**TASK TO COMPLETE**: Below, find the line containing "John Mawe describes" and the line containing "- Views: The"; reproduce exactly those two and every line between them, omitting pictures.

START LISTED RECORDS

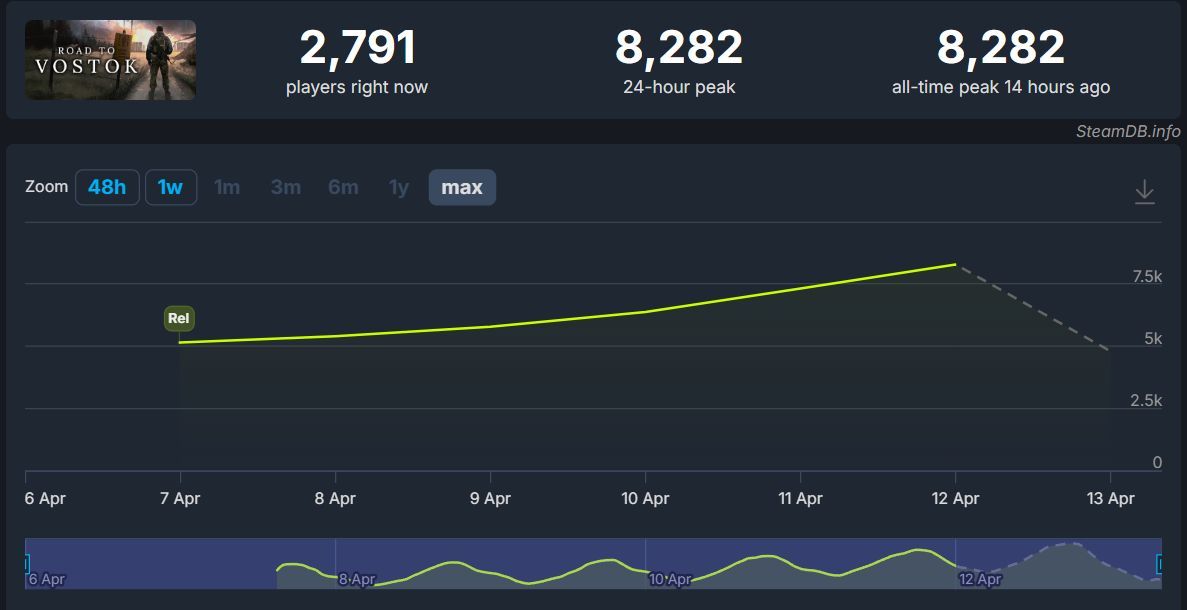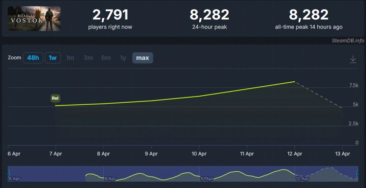 Do powyższych statystyk warto dodać również rekordową liczbę graczy na Steamie. Wczoraj, w szczytowym momencie, w Road to Vostok bawiły się jednocześnie 8 282 osoby.
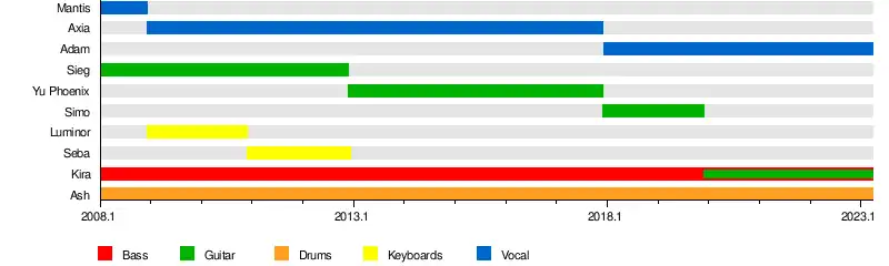 | Past members | Mantis Sieg Seba Axia Yu Phoenix Luminor † |
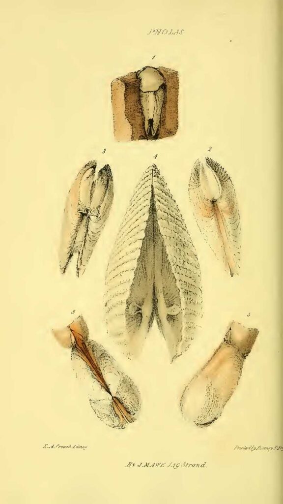 John Mawe describes Pholas as “Shell having two primary valves, divaricate, with several smaller, differently -shaped accessory valves at the hinge: — hinge recurved, united by a cartilage; in the inside, beneath the hinge, is an in- curved tooth.”
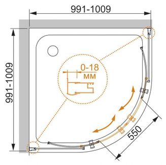 Монтаж: пристенный в угол Возможная установка: на поддон, на пол Высота: 1850 мм Форма: четверть круга Ориентация: универсальная Радиус: 550 мм Конструкция двери: раздвижная Исполнение полотна двери: прозрачное (C), рифленое PUNTO (P) Количество секций двери: 2 Толщина полотна двери: 5 мм Цвет профиля: хром Материал полотна двери: закаленное стекло, стандарт EN12150-1:2000 Материал профиля: анодированный алюминий, стандарт DIN17611 2007 Регулировка ширины: предусмотрена за счет боковых профилей Крепления полотна двери: двойные подшипниковые ролики Дополнительная информация: поддон приобретается отдельно Ресурс эксплуатации: 15 лет Гарантия: 3 года с даты продажи, за исключением резинотехнических изделий -на резинотенические изделия (силиконовые уплотнители, магнитные уплотнители, ) 1 год с даты продажи None
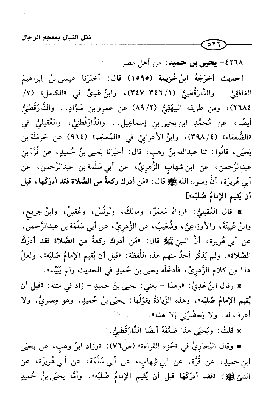 * وقال ابنُ عَدِيٍّ: "وهذا -يعني: يحيى بنَ حميدٍ- زاد في متنه: "قبل أن يُقيم الإمامُ صُلبَه"، وهذه الزِّيادَةُ يقوُلُها: يحيىَ بنُ حُميدٍ، وهو مِصريٌّ، ولا أعرف له. ولا يَحضُرُنِي إلا هذا".
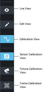 - Views: The ability to change between the three core views: Live, Edit, and Calibration.
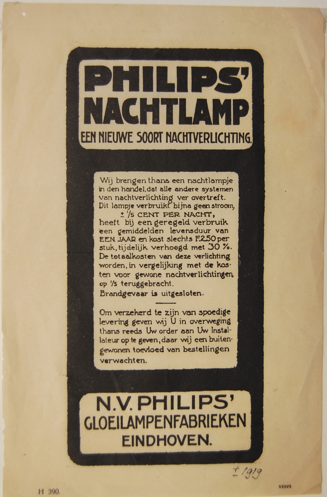 Reclame plaat van Philips ca 1920

END LISTED RECORDS

**EXERCISE SOLUTION**:
 John Mawe describes Pholas as “Shell having two primary valves, divaricate, with several smaller, differently -shaped accessory valves at the hinge: — hinge recurved, united by a cartilage; in the inside, beneath the hinge, is an in- curved tooth.”
 Монтаж: пристенный в угол Возможная установка: на поддон, на пол Высота: 1850 мм Форма: четверть круга Ориентация: универсальная Радиус: 550 мм Конструкция двери: раздвижная Исполнение полотна двери: прозрачное (C), рифленое PUNTO (P) Количество секций двери: 2 Толщина полотна двери: 5 мм Цвет профиля: хром Материал полотна двери: закаленное стекло, стандарт EN12150-1:2000 Материал профиля: анодированный алюминий, стандарт DIN17611 2007 Регулировка ширины: предусмотрена за счет боковых профилей Крепления полотна двери: двойные подшипниковые ролики Дополнительная информация: поддон приобретается отдельно Ресурс эксплуатации: 15 лет Гарантия: 3 года с даты продажи, за исключением резинотехнических изделий -на резинотенические изделия (силиконовые уплотнители, магнитные уплотнители, ) 1 год с даты продажи None
 * وقال ابنُ عَدِيٍّ: "وهذا -يعني: يحيى بنَ حميدٍ- زاد في متنه: "قبل أن يُقيم الإمامُ صُلبَه"، وهذه الزِّيادَةُ يقوُلُها: يحيىَ بنُ حُميدٍ، وهو مِصريٌّ، ولا أعرف له. ولا يَحضُرُنِي إلا هذا".
 - Views: The ability to change between the three core views: Live, Edit, and Calibration.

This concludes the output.